The Scientific Indian

Books recently read

Read these in the past two months. I don’t know if I’ll get to review them properly. Still, wanted to share a few words about them while the mind is drunk with a heady concoction of ideas and stories.

Sea of Poppies by Amitav Ghosh
First of the trilogy. Exceptional. There’s original research on the poppy trade: how many of us knew that most of opium sold to China by the British came from India, how were workers transported in ships to foreign lands, the mingling of cultures and languages. Extraordinary tale.

The Imam and the Indian by Amitav Ghosh
Prose pieces. The one about the ghost of Mrs Gandhi is an essential reading for all Indians. So is his the eponymous essay about Ghosh’s Egyptian experience as a student.

The Name of The Rose by Umberto Eco
What a delight! A thriller, a call for freedom and enlightenment values, a historical work, a scholarly work on early architecture, a semiotics crash course… The book’s name is inconsequential and was chosen randomly.

Me and Kaminski by Daniel Kehlmann
Not one of Kehlmann’s best of works but still highly readable and quite funny.

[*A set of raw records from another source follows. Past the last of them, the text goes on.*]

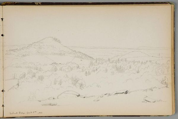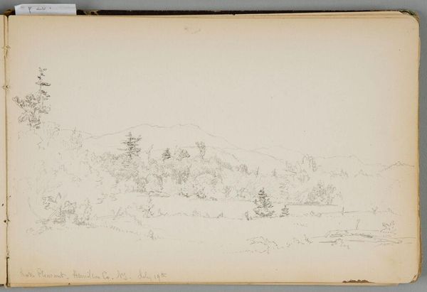 Curator: Here we have a page from a sketchbook by Sanford Robinson Gifford, dating from around the mid-19th century. This particular drawing is titled "Sacandaga Landscape," and on the other side is a sketch of the Hudson River. Editor: It's so delicate, isn't it? Almost ghostly. The landscape barely emerges from the page, like a half-formed memory. It feels incredibly intimate. Curator: Gifford was a prominent figure in the Hudson River School, and these sketches provide insight into his artistic process. Notice how he uses subtle pencil strokes to capture the essence of the landscape's topography. Editor: Absolutely, it's more about capturing the feeling of a place than a photorealistic depiction. I love how minimal it is; it invites you to fill in the details yourself. Curator: These sketches function like visual notes, recording fleeting impressions of the natural world. It shows the artist's keen eye for light and atmosphere. Editor: It makes me think about the ephemeral nature of beauty and how artists try to hold onto those transient moments. Curator: Indeed. Gifford captured the soul of the American landscape. Editor: And in such a simple way, which somehow makes it all the more powerful.
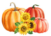 Zdjęcie "Dynia i słonecznik, jesienne kolorowe dynie na izolowanym białym tle, ilustracja akwarela, rysunek dłoni. Wysokiej jakości ilustracja" może być wykorzystywane do celów osobistych i komercyjnych zgodnie z warunkami zakupionej licencji Royalty-free. Obraz jest dostępny do pobrania w jakości wysokiej rozdzielczości do 5760x3840.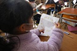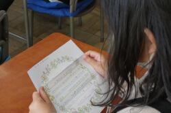 命の不思議さ、尊さを学んだあと、親御さんが書いた子供あての手紙が配られ、子供たちが読みました。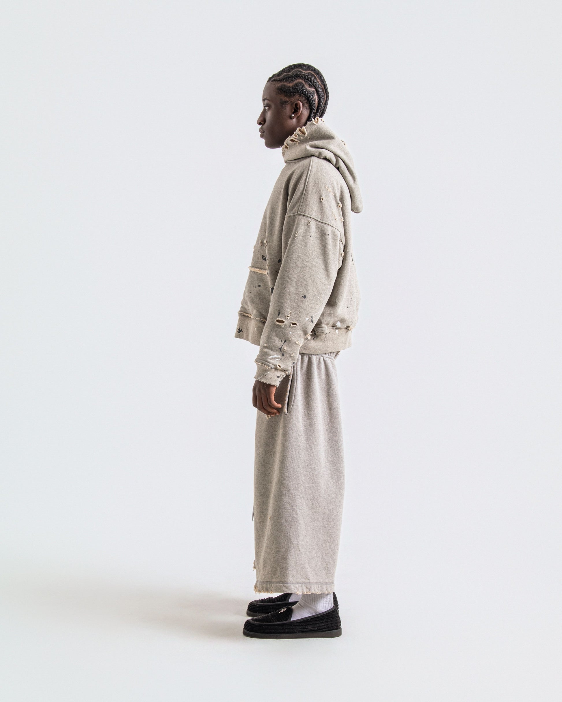 The second colorway of our 6/7 sweatshort capris — Heather Grey with the signature cropped fit and a new leather drawstring detail.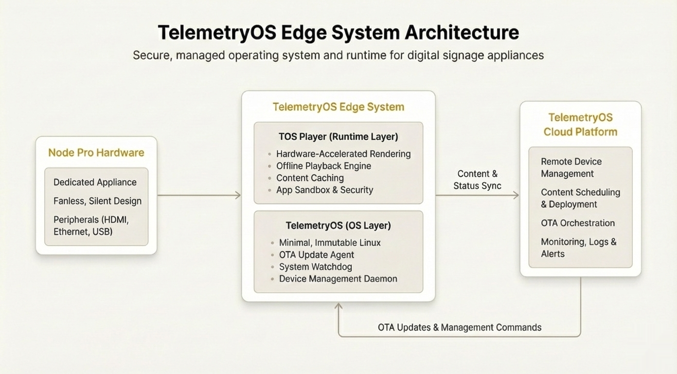 TelemetryOS Edge operates as part of a complete vertical integration: Node Pro hardware → TelemetryOS Edge OS → TOS Player runtime → TelemetryOS cloud control plane. This integration ensures optimal performance and security across all system layers.

The Dream by Gurbaksh Chahal (review copy)
Auto-biographical story of the young Indian-American entrepreneur who has made it big. Don’t remember how I received the review copy. Good read if you are an entrepreneur needing a little push.

Sophie’s World by Jostein Gaarder
Philosophy done right. Give it to all your young cousins, brothers and sisters. A real classic.

From Heaven Lake by Vikram Seth
Travel writing from one of world’s finest writers.


  1. #1 John S. Wilkins
    January 23, 2009

    I agree about Eco (but “a rose by any other name would smell as sweet” is a likely source for the title), but I deeply dispute that Sophie’s World is even good philosophy for kids.

  2. #2 Selva
    January 23, 2009

    John, Eco has said (in the postscript of later editions) that the name of the book does not originate from Shakepeare’s line. He gives a non-reply: “Since the publication of The Name of the Rose I have received a number of letters from readers who want to know the meaning of the final Latin hexameter, and why this hexameter inspired the book’s title. I answer that the verse is from De contemptu mundi by Bernard of Morlay, a twelfth-century Benedictine, whose poem is a variation on the “ubi sunt” theme (most familiar in Villon’s later “Mais ou sont les neiges d’antan”). But to the usual topos (the great of yesteryear, the once-famous cities, the lovely princesses: everything disappears into the void), Bernard adds that all these departed things leave (only, or at least) pure names behind them. I remember that Abelard used the example of the sentence “Nulla rosa est” to demonstrate how language can speak of both the nonexistent and the destroyed. And having said this, I leave the reader to arrive at his own conclusions.”

    This makes as much sense to me as being pointless. 🙂 I suspect that Umberto is/was deliberately playing with our perception of symbol (the name of the book) and it’s meaning.

  3. #3 Mohit Gupta
    January 27, 2009

    cool post

  4. #4 asuph
    February 2, 2009

    Sea of Poppies is a whirlwind tour of history, even though it’s fiction. Amazing book.

    Eco, is all time favorite. If you haven’t already, do check out Focault’s Pendulum. TNOTR looks like an easy exercise 20 pages into Focault’s Pendulum. Absolute delight.

    And since you have high regard for two of my favorite writers, I must now go and check other works you mention… Daniel Kehlmann seems interesting.